Surpreendentemente, esses agentes sem ferramentas performaram quase tão bem quanto os agentes de pesquisa completa em certas tarefas. Por exemplo, na tarefa Validar Alegação – onde o objetivo é avaliar a plausibilidade de uma declaração – eles marcaram 0,61, quase igual à média de 0,62 dos agentes habilitados para ferramentas. Isso sugere que modelos como o3 e Claude têm fortes prioridades internas e podem frequentemente reconhecer a veracidade de alegações comuns sem precisar procurar na web.

Mas em tarefas mais exigentes – como Derivar Número, que requer juntar múltiplos valores de várias fontes, ou Coletar Evidências, que depende de encontrar e avaliar fatos diversos em contexto – esses modelos sem ferramentas completamente se desintegraram.
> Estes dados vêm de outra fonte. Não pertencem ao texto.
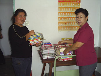 为拓宽图书馆的服务范围,加强对社区图书馆扶植和帮助,东丽区图书馆为振华里居委会社区图书室捐赠图书200余册。图为东丽图书馆为振华里社区图书室赠书。
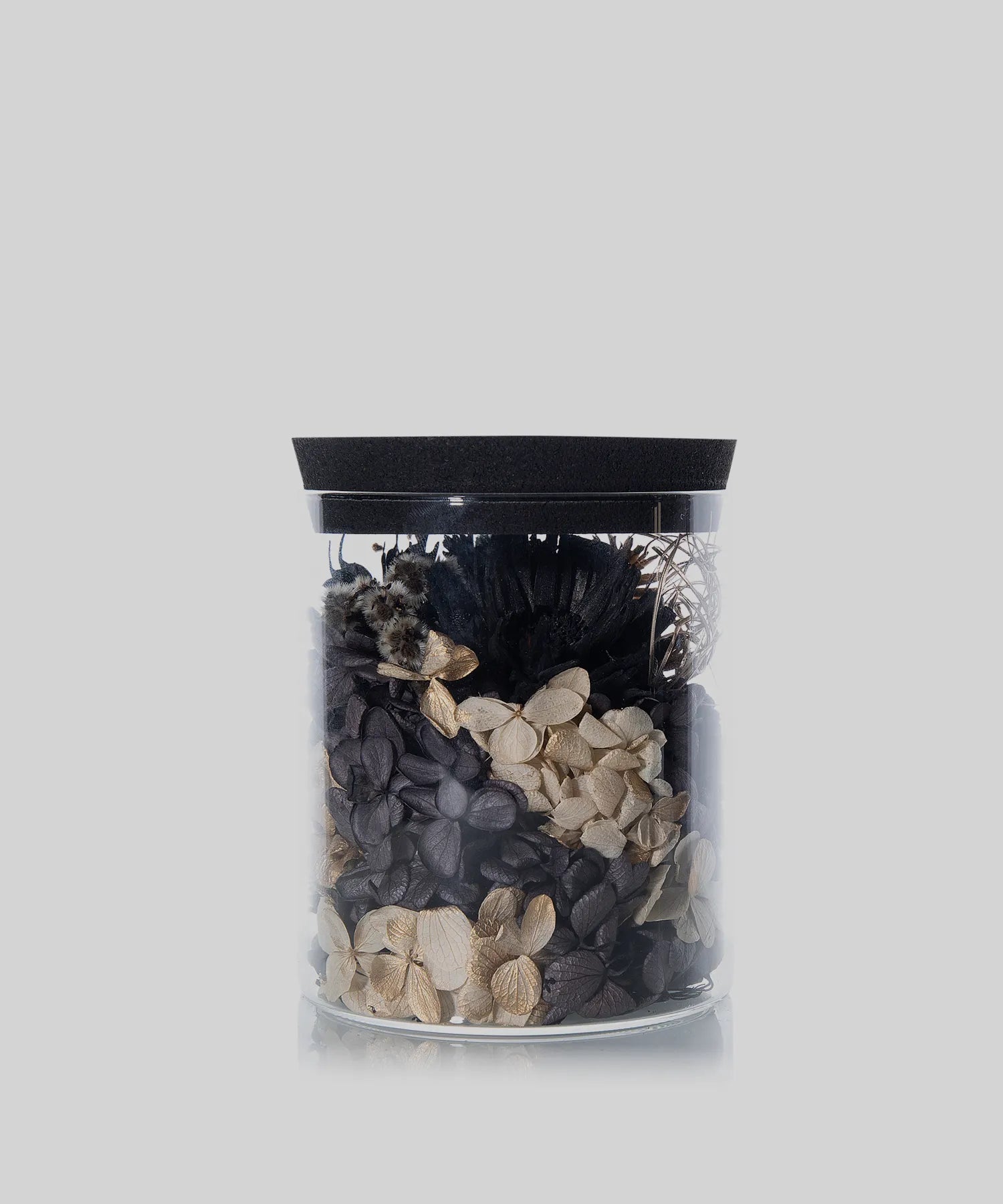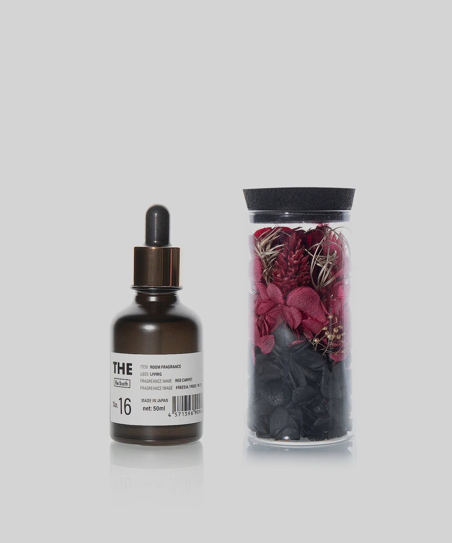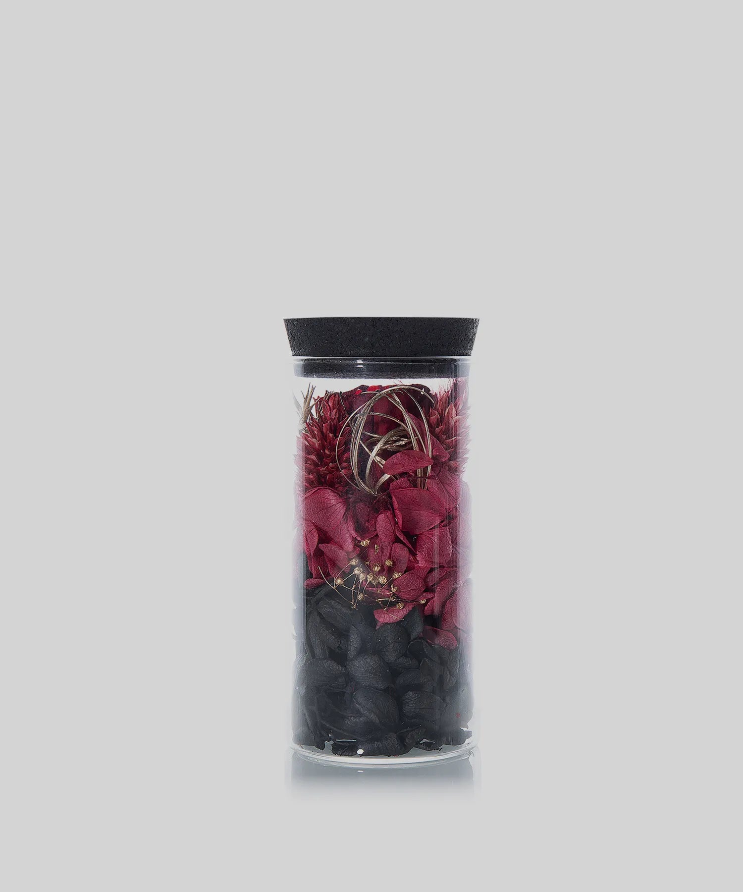 デザイナーの旅の記憶を閉じ込めたプリザーブドフラワーグラスに、情景を香りで描き出すルームフレグランスオイルを添えた特別なセット。
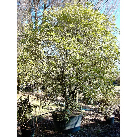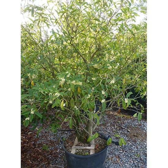 Osmanthus armatus is a dense, rounded-shape shrub, with dark green leaves, glossy, lanceolate, dented, 15cm long. Maximum height 2 m. Fragrant cream-white flowers in autumn, followed by dark purple fruits.
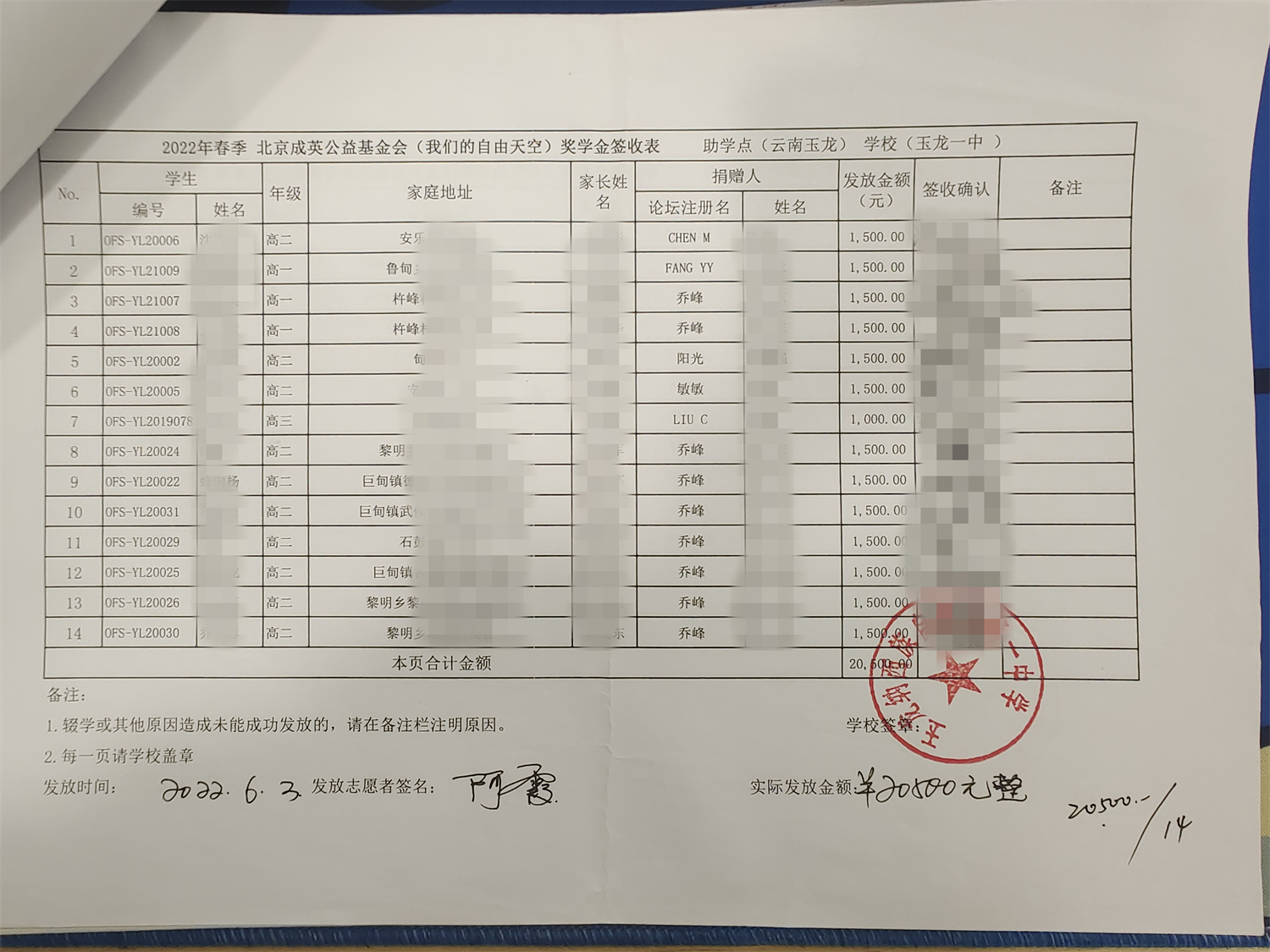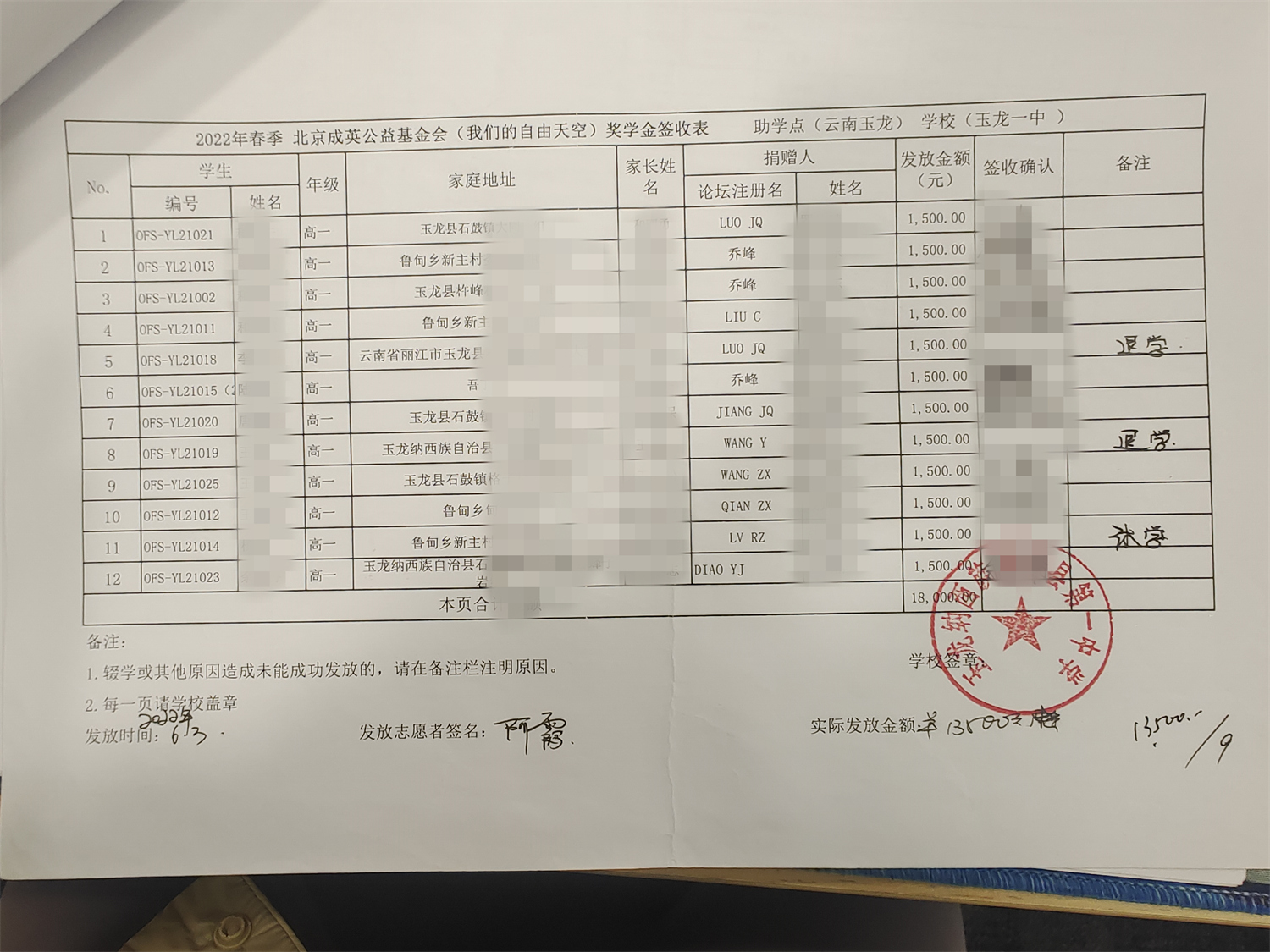 为保护学生隐私,签收表抹去学生姓名,学生资料待整理好后发送到资助人邮箱,如有疑问,请咨询yulong@ourfreesky.org,或者kids@ourfreesky.org DvG.G+mo#

Sem informações frescas ou capacidades de busca em tempo real, simplesmente careciam dos meios para produzir respostas precisas ou abrangentes.

Essa contraste destaca uma nuance importante: embora os LLMs de hoje possam simular “saber” muito, a pesquisa profunda depende não apenas da lembrança, mas do raciocínio com informações verificáveis e atualizadas – algo que apenas agentes aumentados por ferramentas podem realmente entregar.

Pensamentos Finais

O relatório do DRB deixa claro que, embora os melhores agentes de IA de hoje possam superar humanos médios em tarefas estreitamente definidas, eles ainda ficam atrás de pesquisadores gerais habilidosos – especialmente quando se trata de planejamento estratégico, adaptação no meio do processo e raciocínio com nuances.

Essa lacuna se torna especialmente óbvia durante sessões longas ou complexas – algo que eu experimentei pessoalmente, onde um agente gradualmente perde o propósito da tarefa, levando a um colapso frustrante na coerência e utilidade.

O que torna o Deep Research Bench tão valioso é que ele não testa apenas o conhecimento de superfície – ele investiga a interseção do uso de ferramentas, memória, raciocínio e adaptação, oferecendo um análogo mais próximo à pesquisa do mundo real do que benchmarks como MMLU ou GSM8k.

À medida que os LLMs continuam a se integrar ao trabalho de conhecimento sério, as ferramentas da FutureSearch, como o DRB, serão essenciais para avaliar não apenas o que esses sistemas sabem, mas como bem eles realmente funcionam.

on de uso de ferramentas, memória, raciocínio e adaptação, oferecendo um análogo mais próximo à pesquisa do mundo real do que benchmarks como MMLU ou GSM8k. À medida que os LLMs continuam a se integrar ao trabalho de conhecimento sério, as ferramentas da FutureSearch, como o DRB, serão essenciais para avaliar não apenas o que esses sistemas sabem, mas como bem eles realmente funcionam.

Antoine é um líder visionário e sócio-fundador da Unite.AI, impulsionado por uma paixão inabalável por moldar e promover o futuro da IA e da robótica. Um empreendedor serial, ele acredita que a IA será tão disruptiva para a sociedade quanto a eletricidade, e é frequentemente pego falando sobre o potencial das tecnologias disruptivas e da AGI.

Como um futurista, ele está dedicado a explorar como essas inovações moldarão nosso mundo. Além disso, ele é o fundador da Securities.io, uma plataforma focada em investir em tecnologias de ponta que estão redefinindo o futuro e remodelando setores inteiros.